I was chuffed that I managed to make the cover of my book appear in 3D but when I showed this to my husband, he didn’t immediately recognise the profile of a face at the bottom of the page but thought it was a landscape. This got me thinking…
I remembered reading Monique Roffey’s The White Woman on the Green Bicycle where I was delighted by the descriptions of the mountains above the home of George and Sabine Harwood. The couple arrive in Trinidad with a couple of suitcases and Sabine’s bicycle. George is immediately captivated by the island but Sabine is isolated. She comes to see the mountains as George’s seductress and draws analogies with her own situation of being stuck:
Sabine drifted out onto the grass, staring up at the hill above the house, the hip of the green woman, a woman lying on her side, never any doubt about that. A woman trapped in the mud, half sculpted from the sticky oil-clogged bedrock, half made. She wa also stuck Half out, half in. Hip, breast, a long travelling arm. Half her face, half her bushy tangled hair. Usually, she slept heavily and the earth hummed with the timbre of her snores.
I love the sense of place in writing and will be delivering a workshop as part of the Sturminster Newton Literary Festival on 15 June at 2pm in the library. Further details here.
I was also chuffed to notice on the back cover of adversaries/comrades there is a face in the landscape.
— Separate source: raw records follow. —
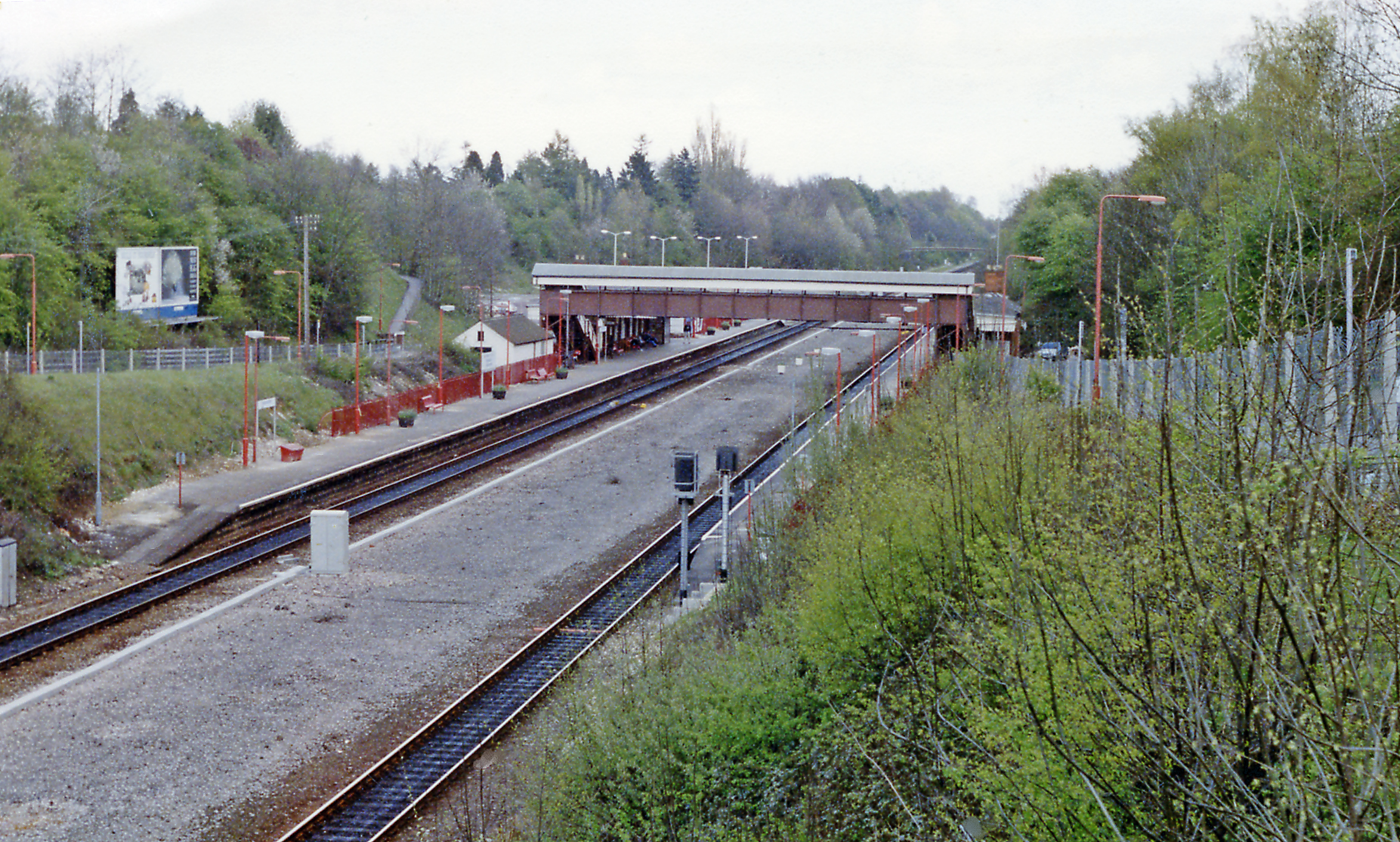 Beaconsfield station, 1990. View eastward, towards London: ex-GW&GC Joint Paddington - Birmingham/Marylebone - Sheffield main lines, which were joint for about 50 miles between Northolt Junction and Ashendon Junction. The Fast lines in the centre were probably taken up in the 1960s.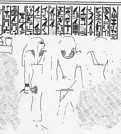 Drawing of a painting from the east wall of the tomb of the officer Netjernakht at Beni Hasan (BH23). Netjernakht is depicted between his mother Arythotep and his wife Herab. The painting was badly damaged by Copts several centuries after its making. Early 12th Dynasty, Middle Kingdom. [Newberry, Beni Hasan II, pl. XXIV]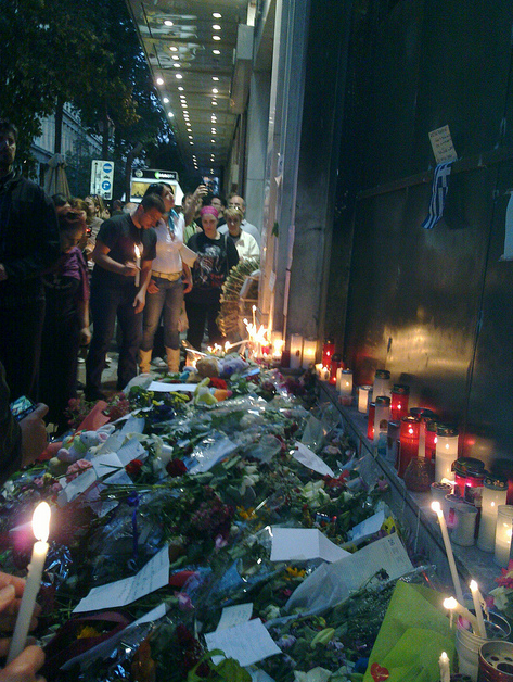 The burned out Marfin Bank in central Athens, where 3 adults and an infant died during the protests of May 5 2010.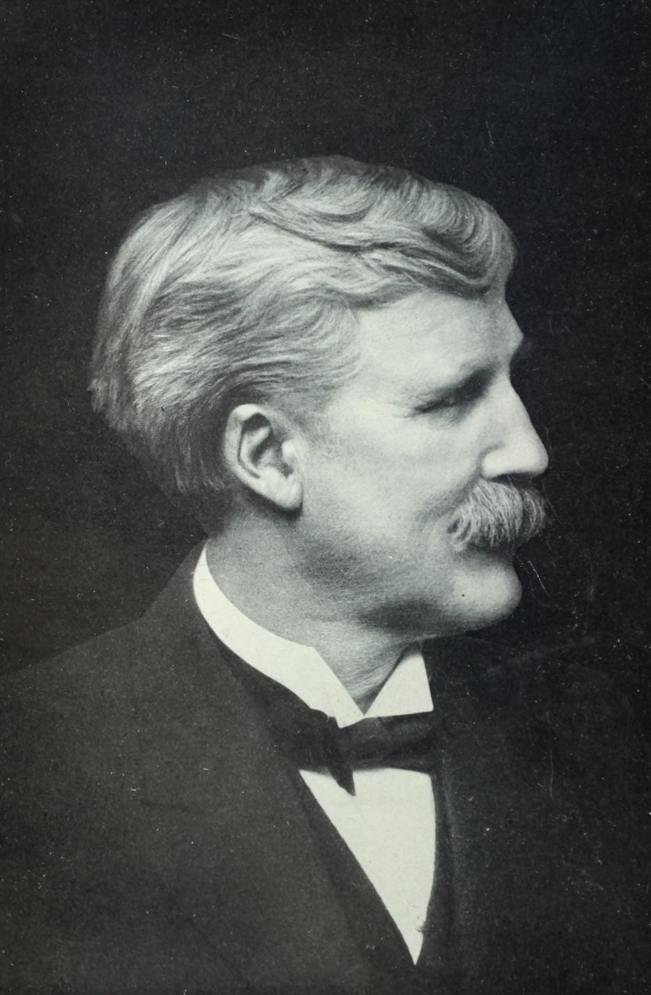 Portrait of Frederick Taylor Gates

The illustrator Emily Young at Wordsmith_HQ must have read my mind when she designed the cover! You can find more information and reviews of the poetry pamphlet here.
The String Games will be released on 28 May but you can buy a copy now through Victorina Press.
What a lovely extract.
I like the cover images of your novels. I didn’t take the face for a landscape at first, but now the thought has been planted it’s taken root.